Strong written communication skills, demonstrated through RFCs, architecture-rule documentation, lint-rule rationales, and internal playbooks.
Based in San Francisco or willing to relocate.

Nice To Haves

Experience building or contributing to evaluation framework infrastructure (open-source or internal).
Experience building developer platforms at an AI-native or high-growth company.
Experience with custom lint-rule / structural-test authoring at scale.
Experience building or operating agent harnesses (sandboxing, isolation, agent execution environments).
Experience working alongside a CTO whose architectural taste needed to be encoded into mechanical rules.

Responsibilities

Define and enforce CI/CD quality gates across Harper's critical services to set the minimum standard for code merging.

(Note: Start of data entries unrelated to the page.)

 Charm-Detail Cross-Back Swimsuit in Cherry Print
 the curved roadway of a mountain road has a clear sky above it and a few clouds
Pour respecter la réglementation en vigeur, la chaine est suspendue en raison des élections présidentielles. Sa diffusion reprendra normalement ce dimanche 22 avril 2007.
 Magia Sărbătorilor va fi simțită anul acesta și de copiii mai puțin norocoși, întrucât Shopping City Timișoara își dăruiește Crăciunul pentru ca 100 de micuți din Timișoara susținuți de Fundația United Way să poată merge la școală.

Develop integration test harnesses that address real failure modes, turning every recurring operational failure into a regression test, validation, or architecture rule.

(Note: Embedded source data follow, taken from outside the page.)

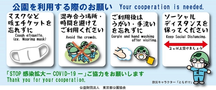 ご来園時はマスクの着用等、皆様が安心してお楽しみいただけるよう、下記の通りお願いしております。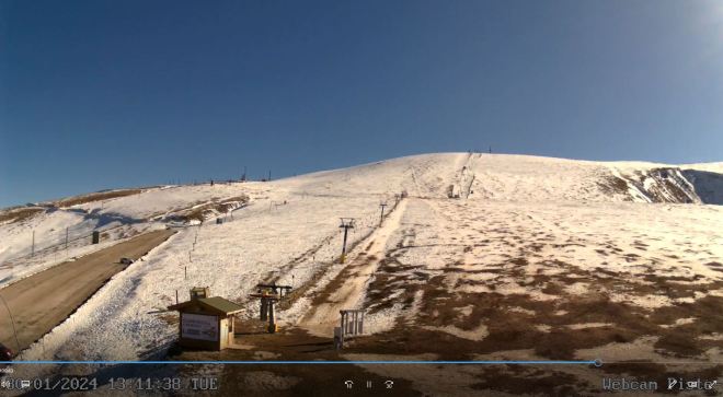[La situazione sulla Maielletta martedì 30 gennaio 2024. Immagine tratta da www.majellettawe.it.]La questione va finalmente analizzata non solo dal punto di vista ambientale, con tutte le sue varie ricadute, ma anche da quello economico – sembra scontato affermarlo, tuttavia alla prova dei fatti non mi pare che lo sia. Molto semplicemente, nei prossimi anni sempre di più lo sci perderà quegli aspetti che nei decenni scorsi lo hanno reso remunerativo, che ora lo rendono “ammissibile” ma in molti casi solo grazie all’immissione di risorse pubbliche, e che domani lo decreteranno del tutto insostenibile – ma è un domani già oggi manifesto in numerose località e che è già storia per centinaia d’altre che negli scorsi anni si sono dovute arrendere all’evidenza dei fatti (249 stazioni chiuse e con impianti dismessi più altre 138 temporaneamente chiuse per difficoltà varie, secondo il rapporto di Legambiente “Neve Diversa 2023”).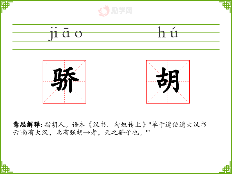骄胡的意思是:指胡人。语本《汉书.匈奴传上》"单于遣使遗大汉书云'南有大汉,北有强胡→者,天之骄子也。'"
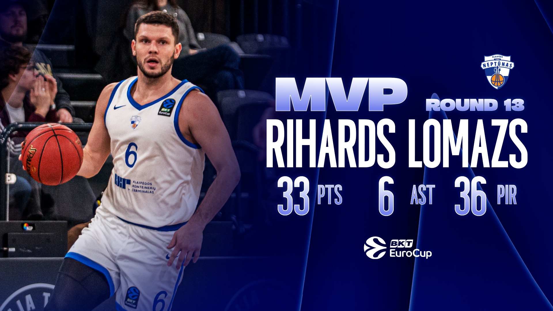 A career-best night in a winning effort saw Rihards Lomazs of Neptunas Klaipeda secure MVP honors for Round 13 of the 2025-26 BKT EuroCup season.

Build and maintain the agent harness substrate, including sandbox lifecycle, tool routing, prompt/context layers, model-provider abstraction, and multi-agent coordination.

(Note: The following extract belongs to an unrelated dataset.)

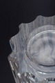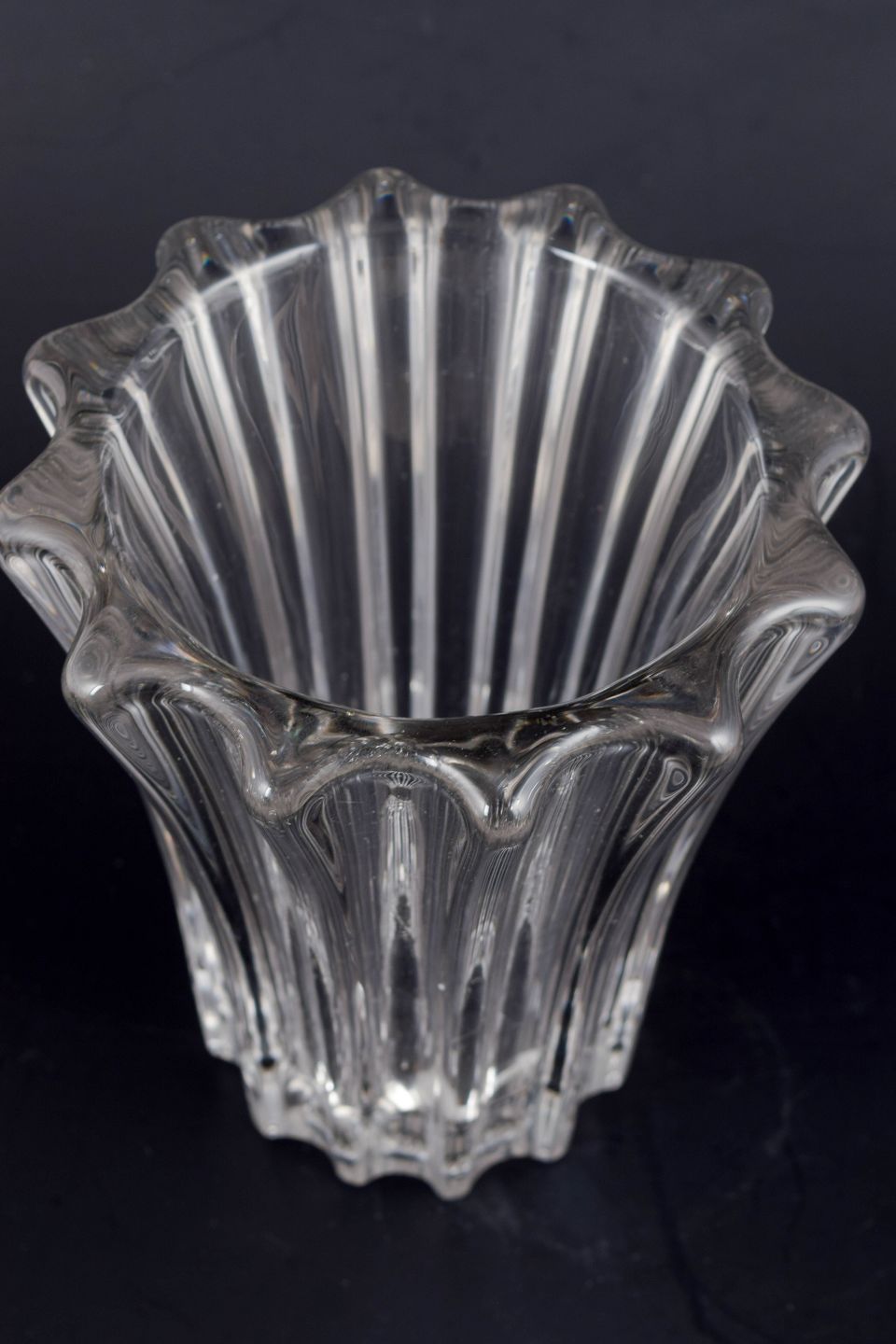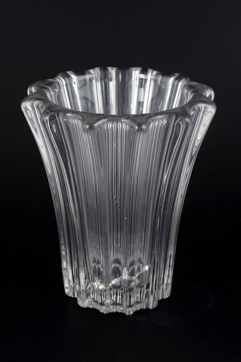 Art deco clear glass vase with pronounced vertical ribbing and a softly scalloped rim, executed in the recognisable style associated with Pierre d’Avesn’s decorative glass designs. The structured surface combined with the organic top creates an elegant, sculptural presence.

Manage repo-level agent instructions and context hygiene, including AGENTS.md files, canonical data model documentation, and banned patterns to shape the information environment for coding agents.
Implement automated PR preflight checks to provide summaries of service impact, tests run, missing tests, model/migration changes, and critical-path warnings before human review.
Enforce architecture rules through custom linters and structural tests that mechanically translate the CTO's architectural preferences.
Develop and maintain the eval framework infrastructure, including pre-merge eval gating, experiment runs against curated datasets, and production trajectory monitoring.
Track and report on key engineering metrics such as rework rate, escaped defects, flaky test count, deploy rollbacks, time-to-confident-ship, and AI-generated PR quality, focusing on impact rather than vanity metrics.